Overlanders tend to be self-sufficiency-oriented. They carry their own water, cook their own food, and camp in dispersed, primitive locations far from established campgrounds. The campfire, where regulations and conditions allow, remains central to the experience. And where there is a campfire, there are s'mores. The tradition has transferred seamlessly from the scout camp to the dispersed campsite on BLM land, from the KOA fire ring to the overlanding rally. The ingredients are inherently packable: marshmallows are light, chocolate bars are flat and compact, and graham crackers travel well in a rigid container. For vehicle-based campers who already have a fire pit, a grill grate, and a camp kitchen built into their rig, the s'more is the easiest win on the menu.

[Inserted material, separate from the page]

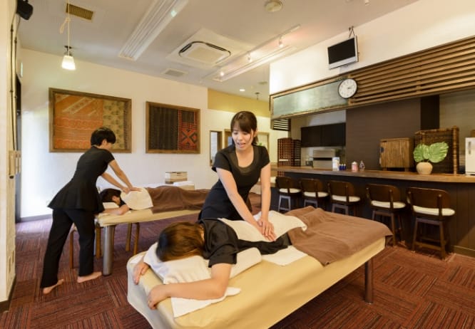 マッサージ系は、一階で垢すりとリンパマッサージが両方とも入浴施設と直結で使えますし、2階でオイルマッサージや普通のマッサージも可能です。

Freshly made s'mores overlanding, Stanislaur National Forest
Freshly made s'mores, evening campfire, overlanding in the Stanislaus National Forest. Photo: Patrick Ma

 

The overlanding community has also brought a gear-forward mentality to the tradition. Where a scout might whittle a green stick from a nearby tree, the modern overlander is more likely to carry telescoping stainless steel roasting forks, a dedicated fire pit, and a purpose-built container for the ingredients. The ethos of "a place for everything and everything in its place" that drives overlanding vehicle builds extends naturally to camp kitchen organization, and that includes the s'mores kit.

Backpacking and the Case for a Smaller Fire

For backpackers and minimalist travelers, the campfire equation changes. Open fires are restricted or prohibited in many backcountry areas, and even where they are permitted, the Leave No Trace ethic discourages casual fire-building. Weight and packability become critical factors. This is where purpose-built, compact fire sources earn their place in a pack.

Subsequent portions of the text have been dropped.